The challenge for enterprise adopters of AI is to thread the needle between the security risks, potential hallucinations, and impacts on employees.
The key to that involves transparency, explainability, security and trust.
All things that are a core tenet of DataChat’s mission.
DataChat’s new paradigm
DataChat was founded in 2017, five years before the launch of ChatGPT. While many companies leaped to incorporate generative AI into their business strategy following ChatGPT’s release, DataChat was built with conversational analytics in mind.
According to co-founder Dr. Rogers Jeffrey Leo John, the pitch was for people to “solve data science problems by writing directions in English.”
At the platform's core is a language called GEL, which stands for Guided English Language — a CNL (controlled natural language) that allows DataChat to “abstract away programming languages,” such as Python and SQL functions.

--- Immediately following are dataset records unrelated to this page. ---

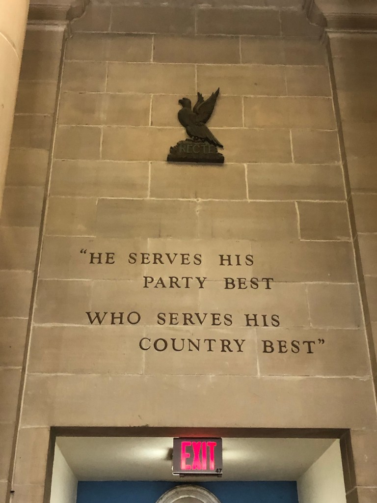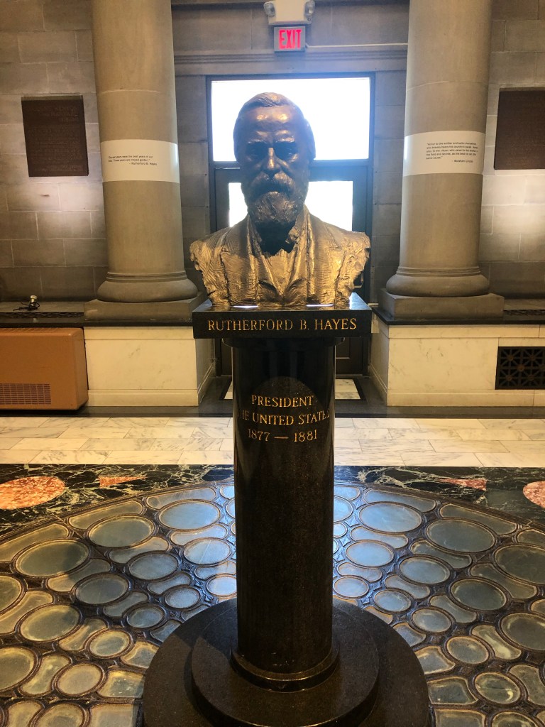 First off, we will visit the Presidential Library and Museum which is pretty impressive. The photo above is of the library and museum through the gates which used to be at the White House. Those gates were given to the Presidential Library and Museum by congress when they were removed so they could install wider gates so the firetrucks could fit through them. There are four such gates on property and all of them are being used as actual gates. In the original entrance, you will see a bust of President Hayes and one of his many quotes, “He serves his party best who serves his country best.”
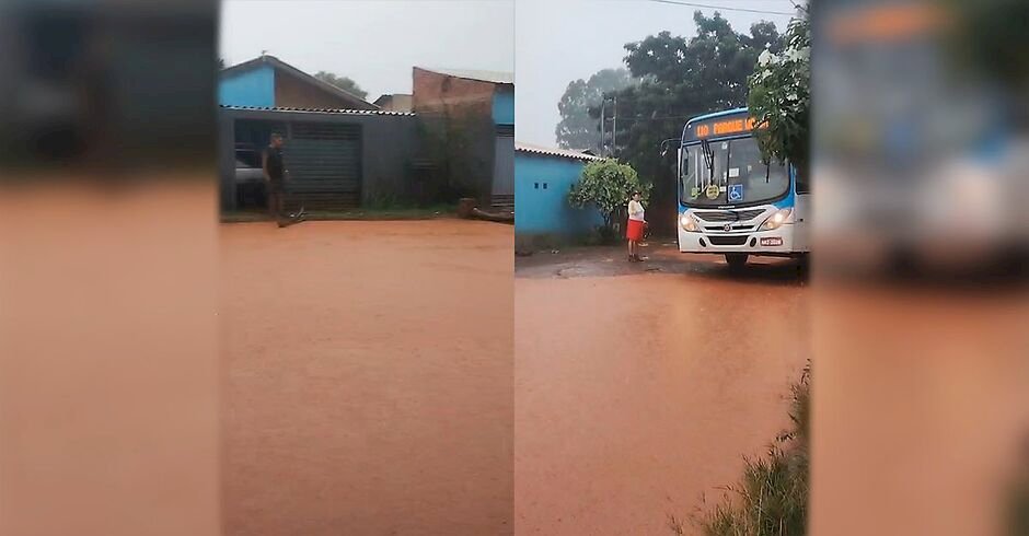 Vídeo enviado pela leitora mostra o momento em que uma moradora, desesperada, implora para que o motorista de um ônibus não siga pela rua alagada. “Aqui não tem mais condições de passar. Quando o ônibus passa, a água entra tudo dentro da minha casa”, diz a mulher nas imagens.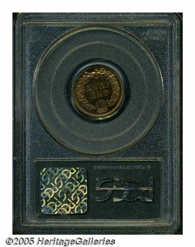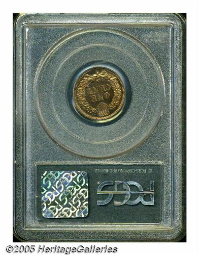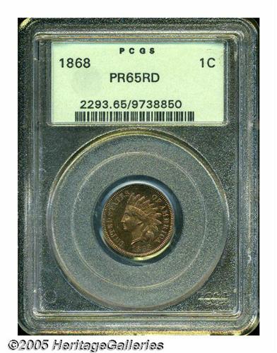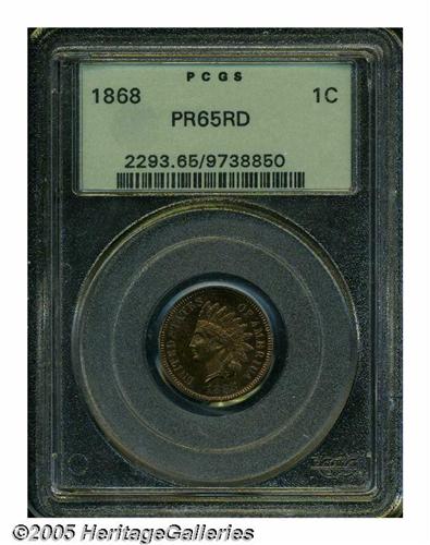 <B>1868<1C> PR65 Red PCGS.</B></I> Gold and cherry-red luster sparkles over both sides of this carefully preserved, Gem quality specimen. The design features are exquisitely struck. A small fleck in the left obverse field is not bothersome. The reverse is rotated nearly 180 degrees in relation to the obverse, a feature that is common to many of extant proof 1868 cents. Population: 7 in 65, 2 finer (3/05).

Users don’t actually need to learn or use GEL — it just ensures that each step in an analysis is easily understood and reproducible.
This means that the domain experts and people who know their business best can engage with their data to uncover actionable insights and opportunities without a technical background or knowledge of code languages.
“Every organization has untapped data, but few employees besides data scientists have the tools and skills to make use of it. DataChat solves that problem,” Leo John said. “We think the people who know the business best, regardless of their department or technical background, should have the tools to question data on their own terms.”
Transforming what it means to interact with data
Businesses cannot thrive without data. The core of any successful business strategy are intelligent answers to crucial questions, answers that are only possible with data.
However, a spreadsheet filled with dates and numbers is not some magical key to business insights.
Through its conversational AI platform, DataChat can turn that stream of incomprehensible data into actionable insights. A user just types what they want to know, in plain English, and DataChat generates an answer. Behind the scenes, the platform leverages an LLM but doesn’t share anything besides the table schema. The data stays where it is. The resulting insights can save corporations millions of dollars.
Transparency, explainability and trust
DataChat has built-in safeguards against the risks of data leaks and hallucinations.
The GEL language that makes up the core of DataChat’s functionality is designed to detect LLM hallucinations and take corrective actions. The GEL layer allows DataChat to either recover from hallucinations using heuristics in its post-processing layer or inform the user to prevent the spread of inaccurate outputs. This layer also provides protection against malicious prompt injection attacks.
DataChat always shows its work, providing a confidence score on each answer to eliminate the black box of generative AI.
“Reproducibility is the difference between making pretty graphs and doing true data science,” Leo John said. “So, we baked reproducibility into DataChat. When users converse with DataChat, the platform automatically documents the conversation as steps in a data science process. That way, others can validate the workflow or reapply it to new data.”
DataChat offers an extra layer of security: the platform never shares customer data with third-party LLMs. This ensures that your data remains secure and private, allowing the model to be useful without risk.
The goal is not to replace human workers or achieve total autonomy. Instead, the aim is to give people the power to engage proactively with their data, on their timeline and terms.
“Questions are the true driver of knowledge,” CEO Viken Eldemir said. “People want to leverage AI to help with insights but we still need that human in the loop to ask those questions, to see the answers and then to iterate on the answers to ask more questions.”